А через полчаса в дверь постучали. Ирина Федоровна, вышедшая из кухни открыть, узнала в маленькой, симпатичной женщине с пышными волосами и чуть, курносым, вздернутым носиком воспитательницу интерната Раису Павловну. В первую минуту Ирина Федоровна перепугалась — решила, что Андрей натворил что-то в школе и теперь пришли жаловаться на него. Однако Раиса Павловна, увидев на ее лице это испуганное выражение, поспешила успокоить: пришла просто так, познакомиться. Это ее обязанность — знать, в каких условиях живут дома ее воспитанники.
— Ничего живем, спасибо, — все еще волнуясь, заговорила Ирина Федоровна. — Комната у нас, правда, одна… Вы проходите, пожалуйста… Но, как видите, и просторная, и сухая… Садитесь, прошу вас. Вот на стул, пожалуйста. Или на диван, помягче…
Раиса Павловна улыбнулась:
— За мной не ухаживайте. Не из робких. — Она сняла с себя теплый жакет, повесила его в передней. Прошлась по комнате, оглядела все, сказала: — Хорошо у вас. А где спит Андрей?

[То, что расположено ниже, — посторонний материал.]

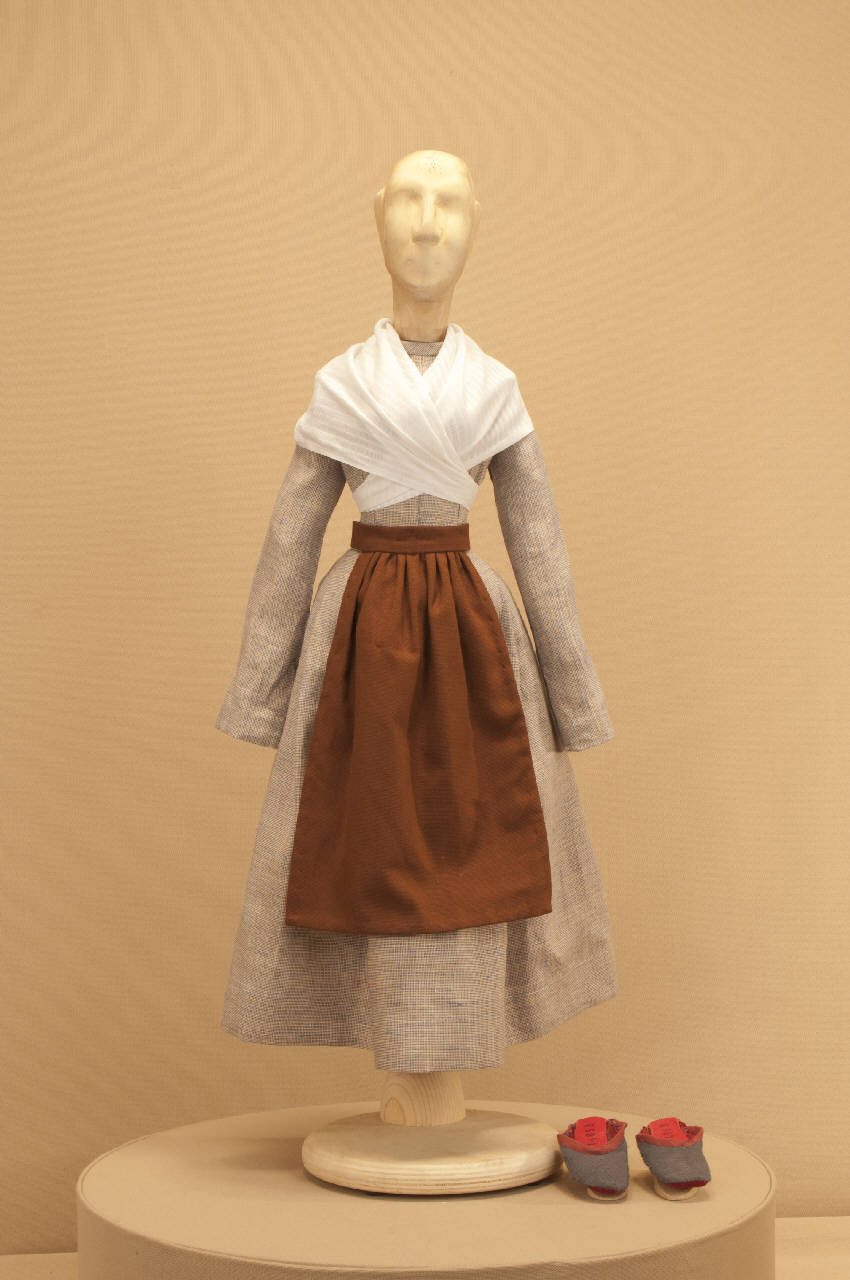 Costume da popolana di foggia seicentesca composto da veste, grembiule, scialle e pantofole.

— Вот здесь, на диване, — ответила Ирина Федоровна. — Это его место. А мы с дочкой на кровати, вместе пока.
— Сколько же вашей дочке лет? — посмотрев на седеющую женщину, спросила Раиса Павловна.
— Шестой пошёл от июня. Еще маленькая… — Подумав, Ирина Федоровна сказала: — Наверно, удивляетесь, откуда у пожилой женщины пятилетняя дочка? Приемная она у меня, Ниночка. От покойницы Любы, сестры моей, осталась. Четвертый год живет. Хорошая девочка. Смышленая, добрая, а уж веселая! С ней не заскучаешь. Рисовать очень любит.

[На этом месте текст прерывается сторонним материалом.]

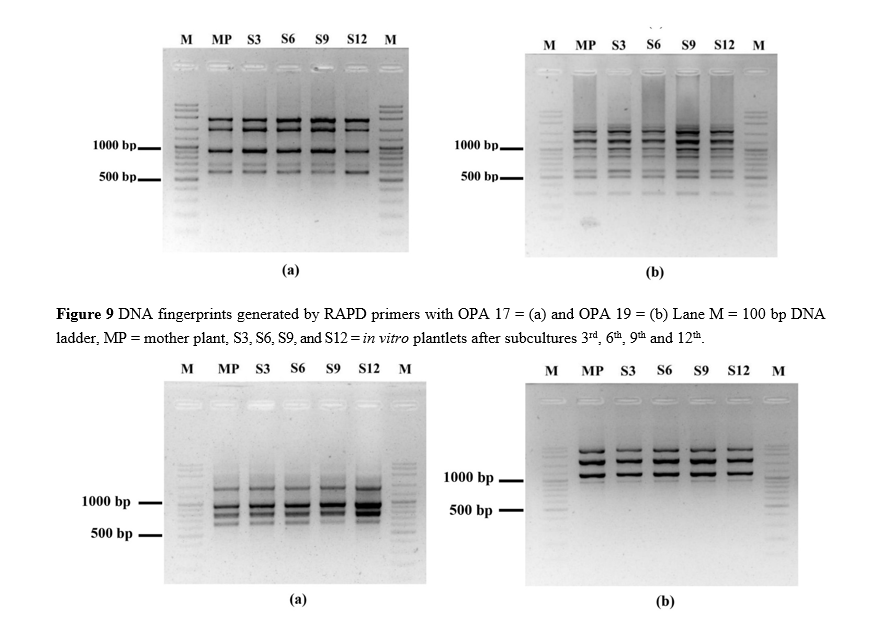 Figure 10 DNA fingerprints generated by SCoT primers with SCoT 19 = (a) and SCoT 27 (b) Lane M = 100 bp DNA ladder, MP = mother plant, S3, S6, S9, and S12 = in vitro plantlets after subcultures 3rd, 6th, 9th and 12th.

Ирина Федоровна достала Нинкины рисунки. Воспитательница с улыбкой рассматривала их, а сама ждала, когда же собеседница заговорит о сыне. Ведь именно из-за Андрея она пришла сюда сегодня, в воскресный день. Пришла, обеспокоенная его вчерашними такими безразличными и холодными словами, сказанными о матери.
— Забавные рисунки, похвалила она. — А скажите, Андрюша хорошо относится к сестренке?
— Да, любит ее. Не обижает.
— И вы довольны им? Он — заботливый сын? Помогает вам?
Ах, много ли надо, чтобы разбередить свежую материнскую рану! Больно было рассказывать Ирине Федоровне о сыне, но не могла удержаться, не пожаловаться.
— Неладно у меня с ним, — вздохнула она тяжело. — Неладно. Вся душа изболелась. И так и этак пробовала подходить — не получается. Чужой, недобрый. Я для него — никто. Заболей, слезами умойся — не пожалеет, не подойдет. И все с тех пор, как узнал, что я ему неродная.
— Вы ему неродная? — переспросила Раиса Павловна.
Ирина Федоровна сжала губы, чтобы унять их дрожь. Выговорила:
— Что же из того, что неродная?.. Я же ничего для него не жалела, все отдала… Эх, такая, видно, горькая моя судьба. Вспомнить страшно, как жизнь потрепала. Чего я только не перенесла…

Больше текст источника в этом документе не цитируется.